# Kindle 3 Firmware 3.2.1



## r0b0d0c (Feb 16, 2009)

I couldn't find this being discussed before, so am posting here. 

My Kindle 3 was within 3 weeks of its 1-year warranty expiring, when I began having charging problems (not completing a charge even overnight, charge light staying yellow), and called Kindle CS - they immediately offered to send me a new K3 (it arrived yesterday, NEW, no refurb!). It comes with firmware 3.2.1, which I hadn't heard of previously - my "old" K3 has 3.1, which is listed by Amazon as the current firmware version. 

Anyone know what is new/different with 3.2.1? Was there a 3.2? Has anyone had their Kindle auto-update with this? Are all new Kindles coming with 3.1.2? 

Amazon remains the most customer-friendly company that I deal with! And my Kindle warranty is extended 90 days from now, so I'll have plenty of time to test it for defects!


----------



## Me and My Kindle (Oct 20, 2010)

Here's the URL for Amazon's overview of the 3.1 software.

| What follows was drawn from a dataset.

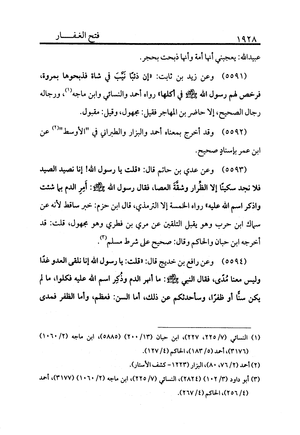 5593 - وعن عدي بن حاتم قال: «قلت يا رسول الله! إنا نصيد الصيد فلا نجد سكينًا إلا الظرار وشقة العصا. فقال رسول الله - صلى الله عليه وسلم -: أمر الدم بما شئت واذكر اسم الله عليه» رواه الخمسة إلا الترمذي، قال ابن حزم: خبر ساقط لأنه عن سماك ابن حرب وهو يقبل التلقين عن مري بن فطري وهو مجهول قلت: قد أخرجه ابن حبان والحاكم، وقال: صحيح على شرط مسلم (¬3) .

http://www.amazon.com/gp/help/customer/display.html?nodeId=200529700

At first I thought that _was_ the latest version. (That it's not 3.2.1, but 3.1.2....) Then I thought the new version had something to do with the "Kindle with Special Offers", which meant it supported the screensavers which can display ads.

The best theory I've seen so far is that Amazon had to upgrade the software so people couldn't "hack" their screensavers on the "Kindle with Special Offers" -- and while they were at it, they made that same software available to the other Kindles.


----------



## r0b0d0c (Feb 16, 2009)

This K3 isn't the "Special Offers" version, it's the pricier wifi/3G version, and the firmware is definitely 3.2.1. I haven't noticed any differences in functions between that and my "old" K3. I hate to bother Kindle CS staffers to inquire about this, and thought I'd ask here first, with all the knowledgable Kindleaholics here!


----------



## John Dorian (Jul 23, 2011)

A brand new Kindle? Nice!


----------



## HappyGuy (Nov 3, 2008)

r0b0d0c said:


> I couldn't find this being discussed before, so am posting here.
> 
> My Kindle 3 was within 3 weeks of its 1-year warranty expiring, when I began having charging problems (not completing a charge even overnight, charge light staying yellow)

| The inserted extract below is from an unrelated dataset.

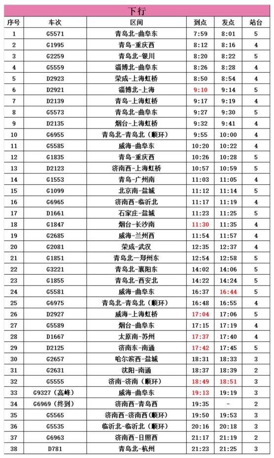 D2124上海虹桥-济南西线路增加青岛西站、胶州北站、潍坊北站、淄博北站、济南东站,取消潍坊站、济南站。

r0b0d0c, quick question - do you keep your WhisperNet off? I had the same problem but cleared it by turning on my WN for one day each month, then doing a restart. It seems that the K gets a bit confused if it can't talk with Mother Ship occasionally.


----------



## D/W (Dec 29, 2010)

There was a discussion about version 3.2.1 last May at the Kindle forum at Amazon: http://www.amazon.com/forum/kindle?_encoding=UTF8&cdForum=Fx1D7SY3BVSESG&cdThread=Tx3OG1HXBTFTOKF. One of the posters there said he inquired about the difference between 3.1 and 3.2.1. and Amazon replied:

"All new Kindles comes with software version 3.2.1 (576290015). However, there are no new features to this update and this software version isn't available for download.

The software version 3.1 your Kindle has consists of all the new features available for your Kindle with software version 3.2.1."


----------



## r0b0d0c (Feb 16, 2009)

HappyGuy said:


> r0b0d0c, quick question - do you keep your WhisperNet off? I had the same problem but cleared it by turning on my WN for one day each month, then doing a restart. It seems that the K gets a bit confused if it can't talk with Mother Ship occasionally.

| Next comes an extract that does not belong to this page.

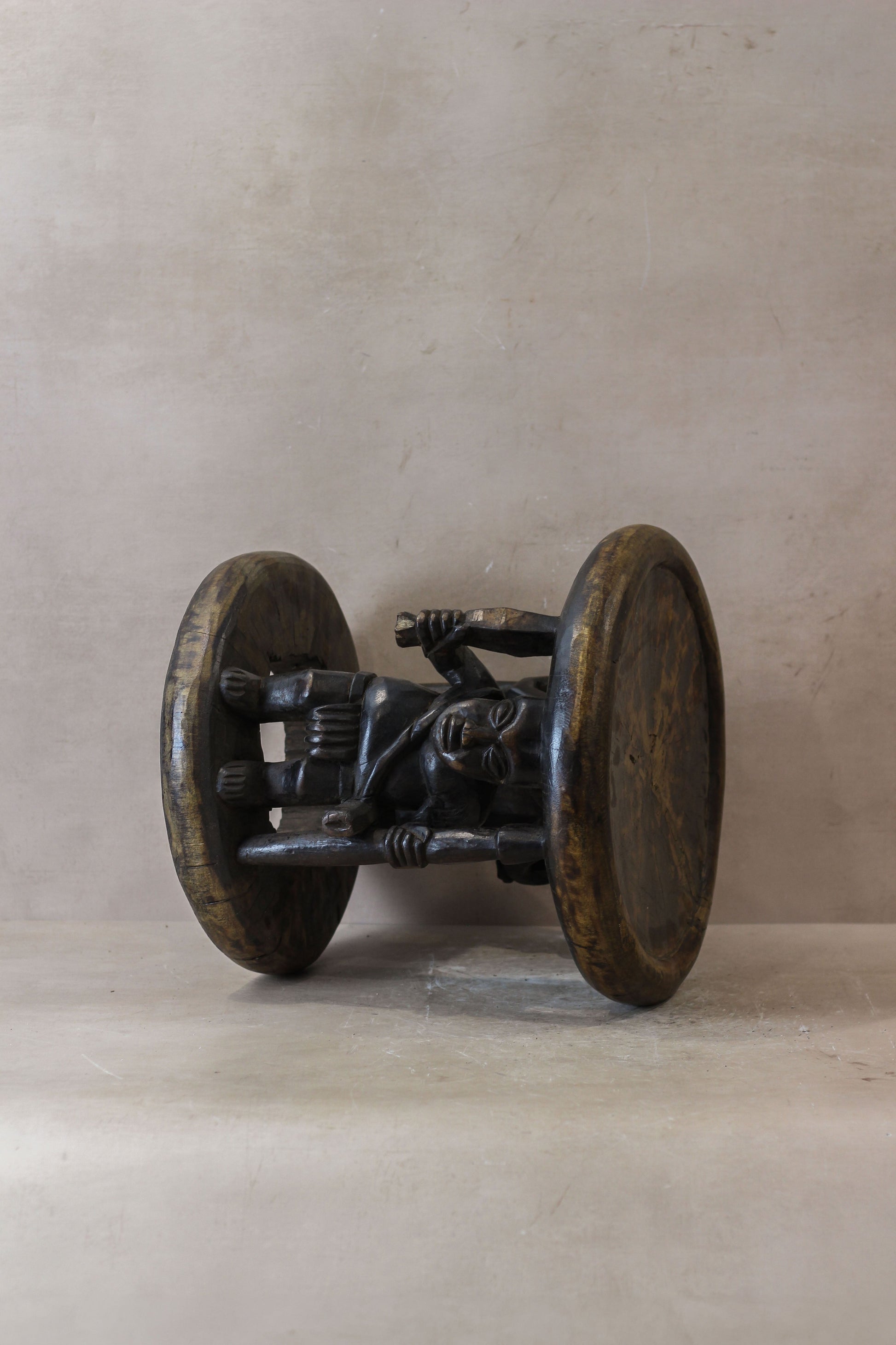 This Baule wood carved vintage stool is a stunning piece of traditional African craftsmanship. Hand-carved from solid wood by the Baule people, it features intricate patterns and smooth contours, reflecting the cultural artistry of its origins. The stool's rich, natural patina has developed over time, enhancing its vintage appeal. Its sturdy yet elegant design makes it a versatile accent, perfect for adding a touch of history and character to any space. Whether used as seating, a side table, or a decorative object, this stool is a unique and timeless addition to any collection.

Actually, I keep WhisperNet on almost all the time, because of some news blogs that I subscribe to! (And which I've discovered is responsible for my suboptimal battery life while on-the-road!) The CS person had me do a couple of basic things, such as a hard restart (which I'd already tried), and mainly just from describing my problem quickly offered a new K3.


----------



## r0b0d0c (Feb 16, 2009)

DreamWeaver said:


> There was a discussion about version 3.2.1 last May at the Kindle forum at Amazon: http://www.amazon.com/forum/kindle?_encoding=UTF8&cdForum=Fx1D7SY3BVSESG&cdThread=Tx3OG1HXBTFTOKF. One of the posters there said he inquired about the difference between 3.1 and 3.2.1. and Amazon replied:
> 
> "All new Kindles comes with software version 3.2.1 (576290015). However, there are no new features to this update and this software version isn't available for download.
> 
> The software version 3.1 your Kindle has consists of all the new features available for your Kindle with software version 3.2.1."


Thanks for the info - I come here for my Kindle "fix" each day, and hadn't found the link at Amazon that you reference!

Wonder why Amazon sells new K3's with a .1.1 higher firmware than "new" same-model K3's from a few months ago, if there's no differences? Doesn't make sense from a programmer/software point. Whatever changes were made, "they ain't sayin'!"


----------



## Ann in Arlington (Oct 27, 2008)

The consensus is the 3.2.1 firmware has higher 'protections' against unauthorized modification, designed primarily when they started offering the sponsored Kindles, and it makes sense: if the idea is to get ads in front of eyeballs they certainly don't want the purchaser (who does so at a discount understanding there will be ads) to be able to quickly and easily disable those ads.  And I'd gather that they are just putting it on all new K's because they can.  

As I think about it, it may also partly enable the ability for them to change the sleep pictures periodically.  Which might speak to ultimately being able to get sleep pictures from Amazon and change the default ones even on non-sponsored Kindles.


----------



## Tripp (May 28, 2009)

I received a replacement Kindle this week and noticed the 3.2.1 update too.  While I do not use any hacks to modify it, I am really concerned that Amazon could possibly push ads to my device anytime in the future.  I paid $189.00 for this originally and the equivelant SO device goes for $139.00.  (3G/WI FI).  I Really hope they don't go there...


----------



## Mike D. aka jmiked (Oct 28, 2008)

Tripp said:


> I am really concerned that Amazon could possibly push ads to my device anytime in the future.


There is zero evidence that this is in the plans. Don't spend a lot of time worrying. And don't read rumors on the internet.  

Mike


----------



## Ann in Arlington (Oct 27, 2008)

Agree with Mike. . . .Amazon is pretty up front about stuff like that. . . . it's certainly possible that at some point they will stop selling non-ad supported Kindles (I totally don't expect this, by the way).  But I can't see them retroactively pushing ads to people who specifically paid more so as to not have them.  That would be huge negative publicity and Amazon is smart enough to realize that.  They're way too customer oriented to do something like that.

OTOH, it is also possible that they might, at some point, introduce a system whereby previous purchasers can switch to a sponsored version at the customer's request.


----------